Principal Component Analysis:
In order to determine how useful the
features I had actually were, I ran principal
component analysis on the data and then tested
linear SVMs on several of the top principal
components. Matlab’s built-in principal
component function was used to identify the
principal components and the data with all 693
features was then projected onto this space to
create new training and testing data for the SVM.
Table 2 on this page shows the error rates as a
function of how many of the top principal
components were used.
There are several things to take away from
these results: first, using a small number of the
top principal components performs nearly as well
as the baseline and slightly better than Naive
Baye’s (given a testing size of ~3500, these are
likely a statistically significant differences).
Thus, some portion of the data does hold
information significant to predicting stock prices.
Furthermore, adding more features does not
reduce the error rate further and in fact increases
the error rate by a significant amount. This means
that many of the “features” (those that contribute
to the non-top principal components) are
effectively noise for the purposes of satisfying our
hypotheses.
Number Components Error
1 0.5127
2 0.4045
3 0.3982
4 0.3982
5 0.3982
6 0.3939
7 0.4172
8 0.4049
9 0.4038
10 0.4133
50 0.4175
200 0.4503
693 (MAX) 0.4767
BAYES 0.4091
BASELINE 0.3859
Table 2
Manual Keyword Selection
Another method I tried for feature
selection was to manually select features human
insight indicates should be indicative. The key
words corresponding to these tokens are shown
below in Table 3 with their frequency in
positively and negatively classified headlines; few
of these stand out as strong indicators (not
stronger than for example the average number of
times stocks rose on the training period).
Training on these symbols alone meant that few
of the headlines could be processed total (~1300)
and resulted in an error of 0.38 when classifying
with P=0, notably worse than the baseline error of
0.33 on the same set.
Symbol Positive
Frequency
Negative
Frequency
Ratio
Buy 0.217 0.182 1.193
Sell 0.064 0.068 0.953
Good 0.079 0.074 1.065
Growth 0.158 0.165 0.956
Beat 0.068 0.072 0.940
New 0.253 0.254 0.997
Stop 0.018 0.008 2.179
Disappoint 0.004 0.013 0.323
Win 0.028 0.027 1.006
Bullish 0.048 0.042 1.138
Risk 0.028 0.057 0.484
Bad 0.035 0.036 0.968
Table 3
Natural Language Processing:
After failing to beat our baseline algorithm
using any of the standard features selection
techniques, I decided to try using Natural
Language Processing to provide better features
for the learning algorithms. In particular, the best
feature would be an indication of whether or not
the article headline spoke of the company
positively or negatively. This is known as
sentiment analysis in natural language processing.
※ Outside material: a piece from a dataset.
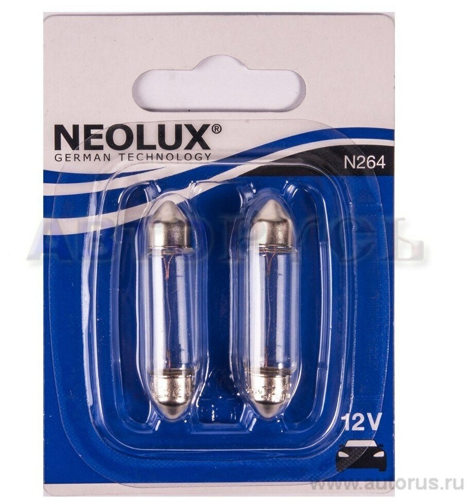 Лучшие цены. NEOLUX N26402B N264-02B_к-кт ламп! (C10W) 12V 10W SV8.5-810 L=47 mm внутр. освещ, номерн. знака (2шт. в блистере). Магазины в вашем городе.

Stanford has a publicly available Natural
Language Processing Toolkit that provides
sentiment analysis to sentences with high
accuracy (>80%). Unfortunately, when tested on
the headlines (re-parsed into sentence-like format)
, the processor was unable to achieve high success
rates for non-neutral sentences when compared to
my own reading of the headline. In a random
sample of 20 headlines the processor deemed
non-neutral (i.e. positive or negative sentiment), I
agreed with exactly half (10) of the assessments.
This is likely due to the fact that headlines are
very short, often requiring complex parsing in
order to fit them into a small space and thus do
not really resemble the sentences the processor
was trained in (which used normal, full-text
sentences). Natural language processors would
need to be specifically tailored to processing
headline-like data to be able to make a
meaningful contribution towards answering my
research questions.
Conclusion:
Overall, my work indicates that a
sophisticated model able to beat overall market
trends by reading financial news headlines cannot
be easily found without fairly sophisticated
human-like processing of the headlines.
However, using my work, one would be able to
run an algorithm that does notably better than
random chance and can do better than not
investing at all by roughly following both positive
and negative market trends.
Future Work:
After working on this project all quarter,
there are a couple of ways that it might be
extended to better answer the question:
• Customize natural language processing
tools to work well with headlines
• Make predictions based on more than one
headline at a time; this may allow for
better long-term analysis of a company’s
potential